Во время нашей беседы я спросил Желвакова о его семье, а также откуда он родом. Он сказал, что он уроженец Вятской губернии, и я подумала: из той же губернии, откуда А.В. Якимова и Халтурин. Это хороший признак. Но еще лучшим признаком был взгляд самого Желвакова. У него были глаза, которые не обманывают. Достаточно было заглянуть в эти глаза, чтобы получить уверенность, что этот человек останется верен своему слову до гроба»[29].

Очевидно, в эти дни Желваков многое передумал. Выполнение пропагандистского плана не представляло трудностей, «так как он уже и прежде бывал в народе и в 80 году два месяца бурлачил на Волге под Рыбинском» (второе подтверждение воспоминаний брата Ивана!). Вскоре

«Желваков, снабженный всем необходимым... обстриженный в скобку, одетый мужиком, с мешком за плечами и фальшивым паспортом за сапогом, в бодром настроении духа отправился на Дон... До осени 81 г. о нем получались лишь отрывочные сведения, но осенью он вернулся в Петербург с новым запасом энергии, ликующий и счастливый. Личные наблюдения превзошли его надежды; он нашел настроение народа возбужденным и чреватым будущими великими событиями»[30].

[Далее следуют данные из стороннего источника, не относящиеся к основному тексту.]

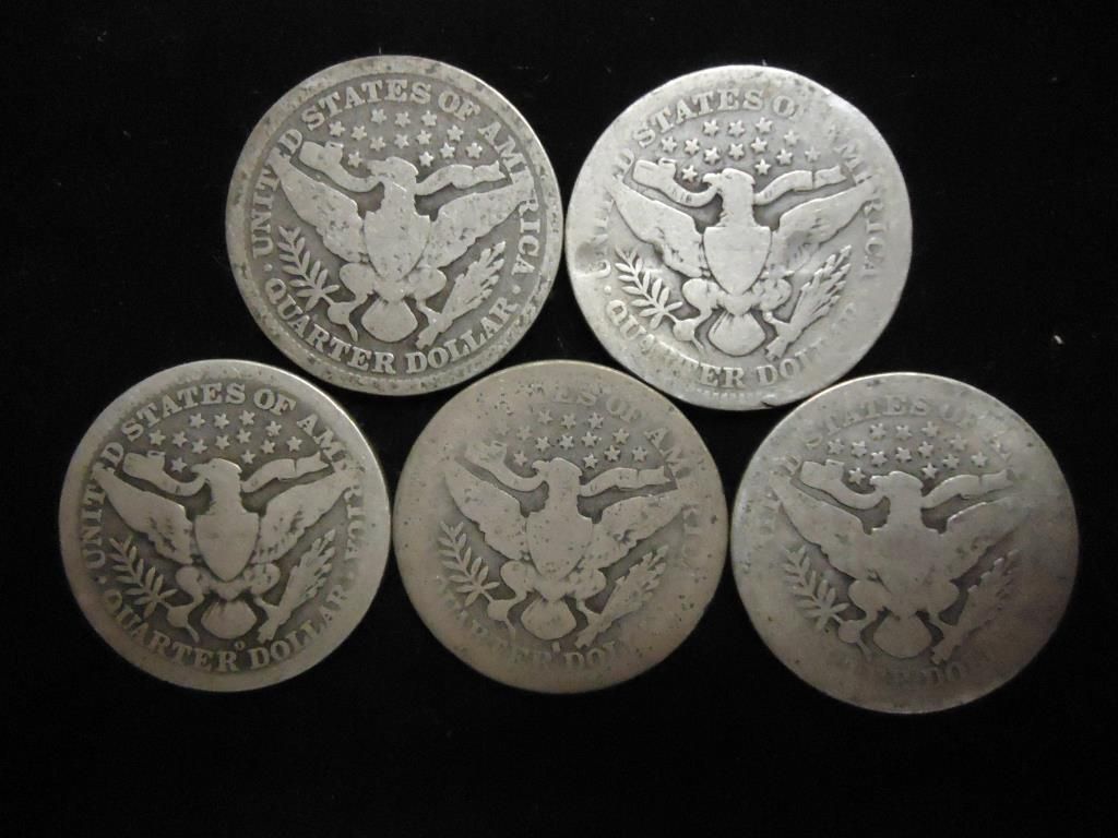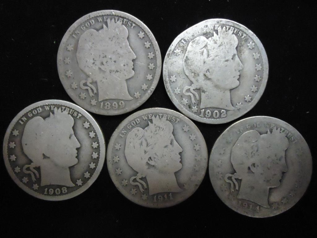 1899,1902,1908-O,11-S & 14 BARBER QUARTERS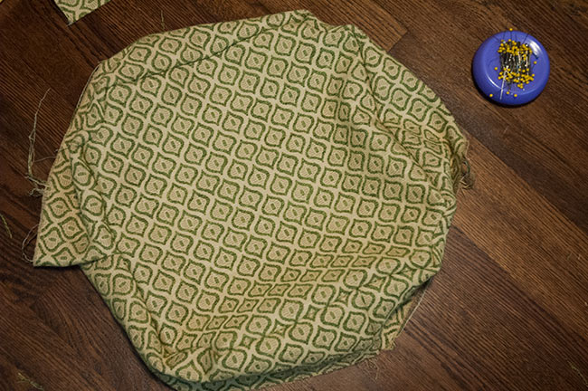 If you have these particular stools (and why wouldn’t you?) then you’re going to want more details on how the hell to sew those insane little concave corners. Damn it, so did I. It took until the third try before I came up with a strategy that worked: Mark a straight line on the wrong side of the long strip, then poke each pin into the marked line on one piece and find the line on the other piece; that’s where you’ll want your pin to poke through the other side. It’s…look, it’s hard to describe, but the idea is that you’ll pin it so that your marks always line up, and then the curve will be correct. If you can figure out what the hell I’m talking about, you’ll be golden, because it worked like a charm. I used this strategy on the green cushion and when I was done, I paraded it around the house like it was the newborn king of the Pride Lands.
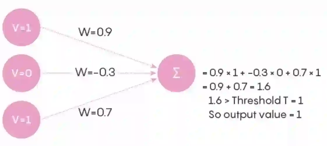 可以看到,图中一共有 21 个连接。输入层的每个单元在给定的时间点上,都处于关闭或打开的状态,其值为 0 或 1。从输入层到输出层的每个连接都有一个相关权重,在人工神经网络中,这个数字是 0 到 1 之间的实数。为了使网络更类似于一个实际的神经网络,我们将权重设置为–1 到 1 之间的实数(负号表示抑制神经元)。输入的值和连接权重的乘积传送到输出神经元,如下图所示。输出神经元将它从所有连接处得到的数字相加,获得一个单个的数字。例如下图中,使用任意的输入值和连接权重输入到单个输出神经元。基于这个数字,输出神经元决定它的状态是什么。如果数字超过一定阈值,则单元的值为 1,否则为 0。我们称值为 1 的单元为“开”或“激活”单元,值为 0 的单元为“休眠”单元。

Новые поездки на юг России с организационными целями только разожгли его нетерпение. Его видели в Ростове-на-Дону, в Харькове, на Кавказе, встречали на улице с рабочими. Разговоры «о неудовлетворительном положении рабочего класса», распространение нелегальной литературы. Остались свидетельства, что именно деятельность среди рабочих была главным делом Желвакова в Ростове.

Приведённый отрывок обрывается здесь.